Two employees of AT&T Labs were among the winning teams. Because they used their working hours to participate in the million contest, the prize money they received ultimately belonged to AT&T. Finally, AT&T Labs donated the prize money to local educational charities and primary and secondary schools to encourage young people to engage in science, technology, engineering, and mathematics (STEM) learning and work.

After the first contest ended, NetFlix quickly proposed a second million-dollar contest due to the popularity: recommending movies for customers who don’t do movie ratings often or don’t do ratings at all. This requires the use of users' real geographic information and behavioral data.
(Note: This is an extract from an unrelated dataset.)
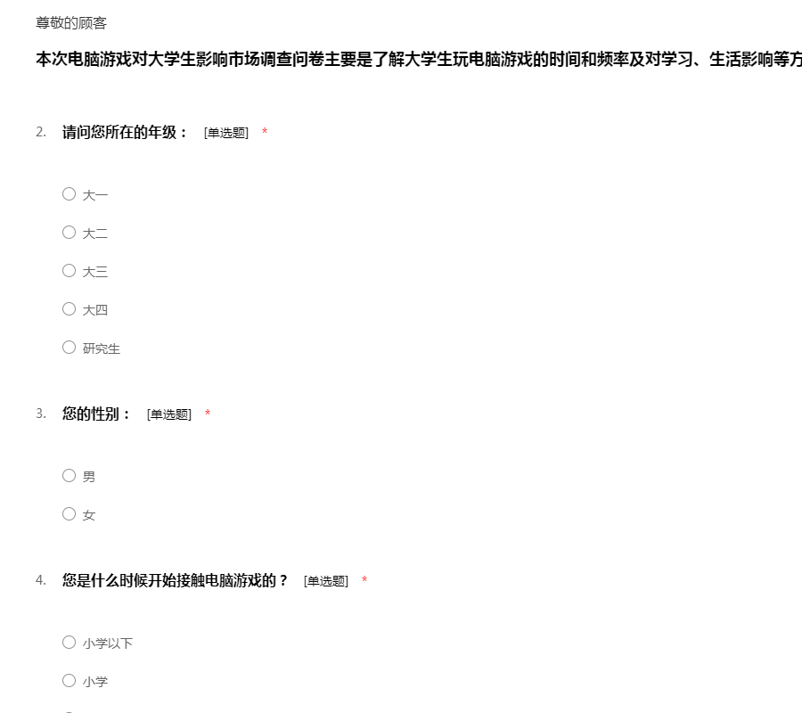 本次电脑游戏对大学生影响市场调查问卷主要是了解大学生玩电脑游戏的时间和频率及对学习、生活影响等方面的问题。

The new contest data set has 100 million records, including rating data, customer age, gender, ZIP code where they live, and previously watched movies. While all of the data is anonymized and there is no way to directly link it to any individual Netflix customer, making information such as a customer's age, gender, zip code of residence, etc. public makes many people uncomfortable. The U.S. Federal Trade Commission has become concerned about the contest’s damage to customer privacy, and a law firm has filed a lawsuit against Netflix on behalf of clients. Netflix announced in March 2010 that it was canceling its second Million Dollar Game to avoid legal issues, and it appears it hasn't done so since.

Field

Recommender System (referred to as RS) is an interdisciplinary research in many fields. Including but not limited to information retrieval (Information Retrieval, IR), data mining (Data Mining, DM), machine learning (Machine Learning, ML), computer vision (Computer Vision, CV), multimedia (MultiMedia, MM), database (Database, DB), oh of course, artificial intelligence (AI).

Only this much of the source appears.